To sleep in C, should I use while with a clock, or a system call?

I was checking out clock() on cplusplus.com. Their example involves making the process wait for a second and then output a line, in a loop until 10 seconds have ellapsed. I need to do something similar in the homework assignment I'm working on. What I was wondering was this: if I just send my program into a loop, isn't that using system resources to just spin me around? In this case, wouldn't a system call be better?

Thanks for your help!

Upvotes: 2

Views: 1784

Answers (5)

shiney
shiney

Reputation: 13

If your programme is multithreaded then better you go with sleep().The reason is clock() will need extra coding for that while by using sleep() you can do your task with less memory and less time... clock() will involve CPU a lot...

Upvotes: 0

David Grayson
David Grayson

Reputation: 87406

Just to be clear, you should NOT do something like the example. If you do, your program will consume 100% of the CPU on one of the cores while it is waiting. It is much better to use something like sleep or select.

Upvotes: 2

vines
vines

Reputation: 5225

I have to add to the aforementioned that sleep() only puts the current thread to sleep, not the whole program, if it's multithreaded.

Upvotes: 2

smparkes
smparkes

Reputation: 14063

That is a weird-ass example. I know it's just an example but ...
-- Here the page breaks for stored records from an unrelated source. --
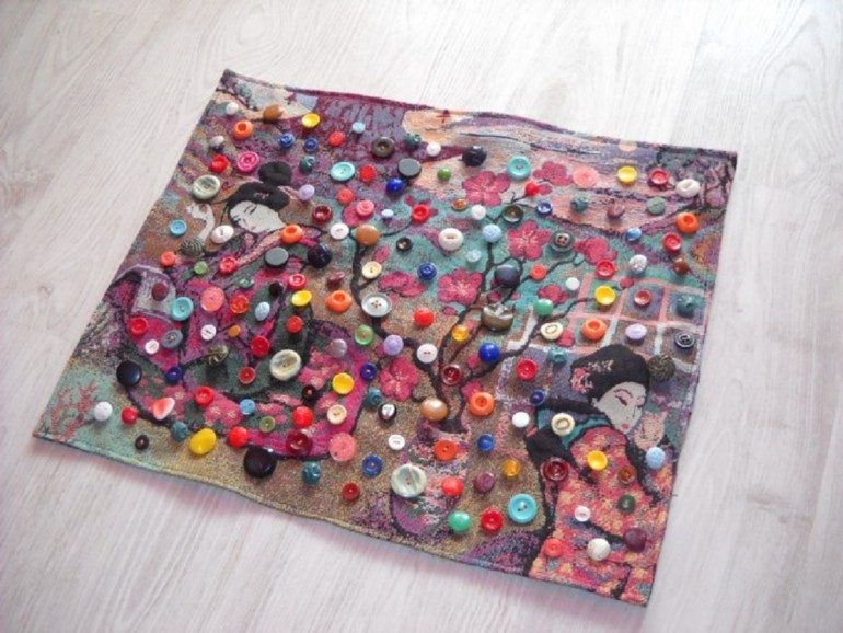 Элементы, которые необходимы для пошива изделия:Пуговицы различных диаметров от маленьких до больших. Количество их зависит от размера изделия.Липучки. Для скрепления частичек коврика.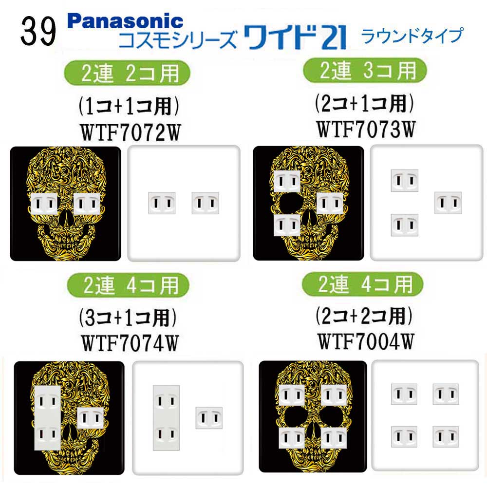 ドクロ柄 39番 パナソニック 【コスモシリーズワイド21】 2連 コンセントプレート スイッチプレート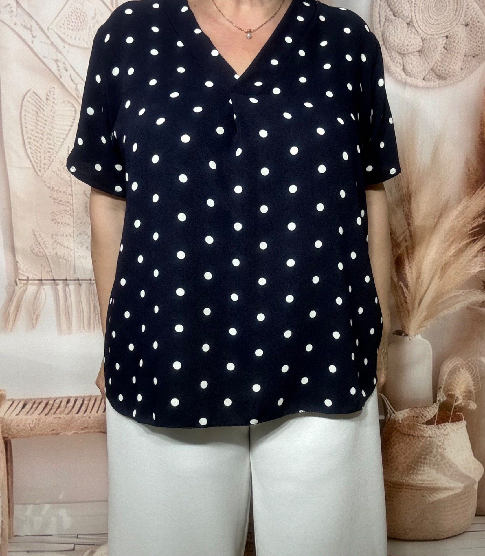 Blouse trapèze marine pois blancs manches courtes col V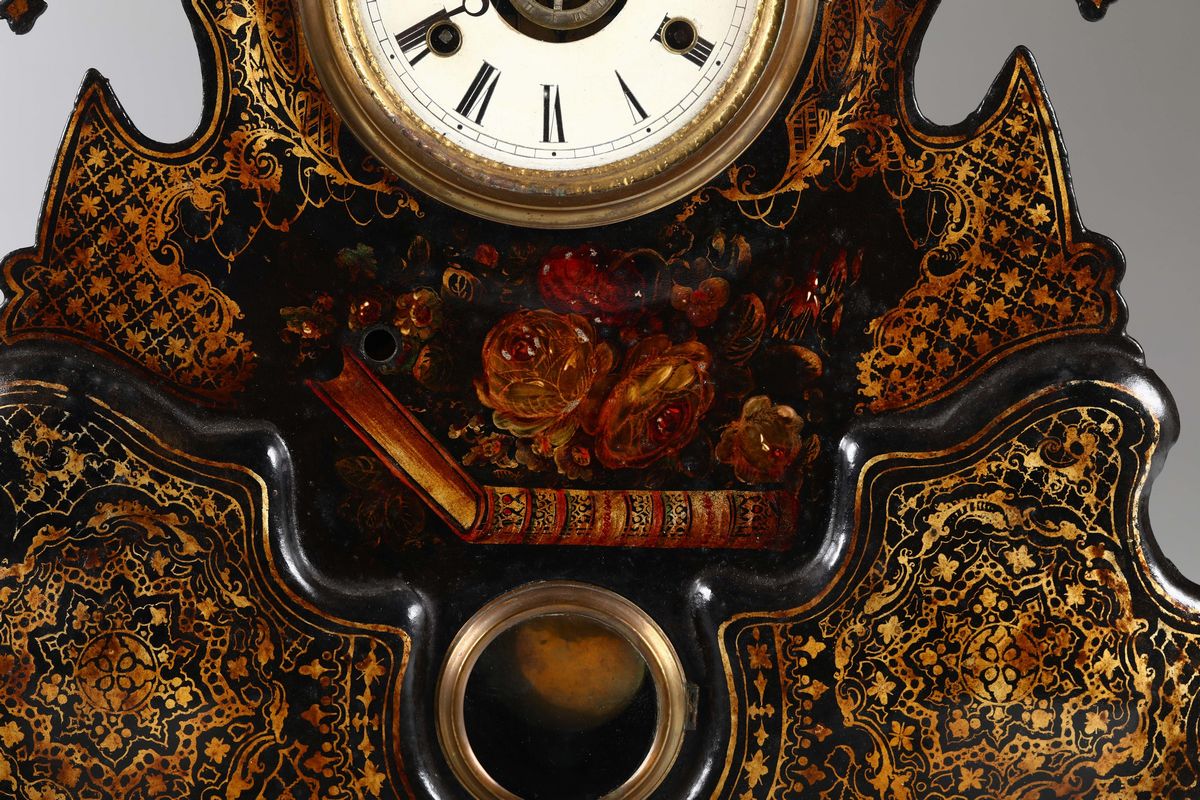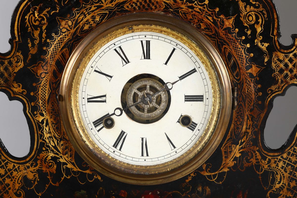 Rara pendola del Connecticut con cassa sagomata in metallo dipinto e dorato a motivi floreali. Quadrante smaltato a numerazione romana per le ore.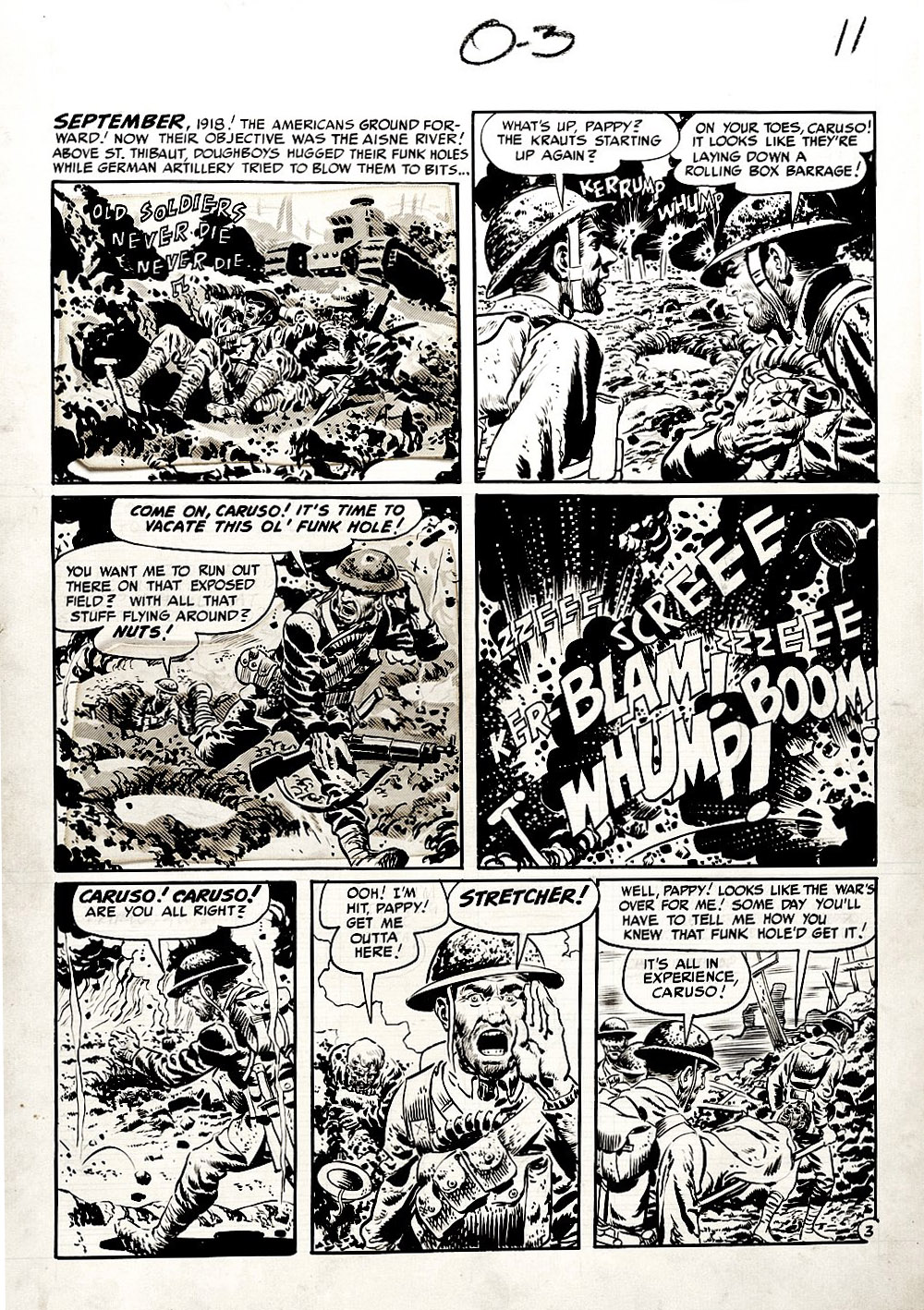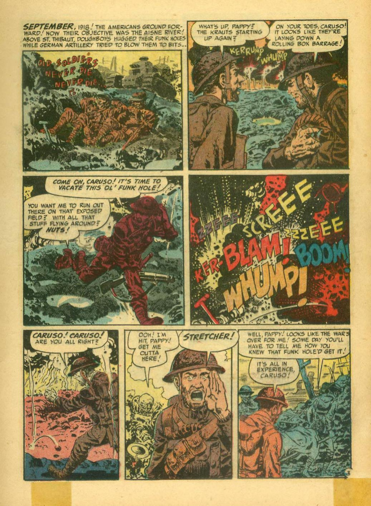 This is a great Wallace Wood war page, from the classic EC Comics WWI story: “Old Soldiers Never Die.” (Two-Fisted Tales #23.)

To sleep, call sleep(unsigned int).

There are other calls (nanosleep on unix-y machines) for sub-second sleeps. And you can always use select() if you're old school.

Note that all of these can be interrupted so you may need to loop if for some reason they return early.

Upvotes: 4

Wyzard
Wyzard

Reputation: 34563

Yes, using a system call or library function like sleep() is much better. That clock() example is just meant to just show how to correctly call the function and interpret its return value, not to illustrate the best way to make a program wait.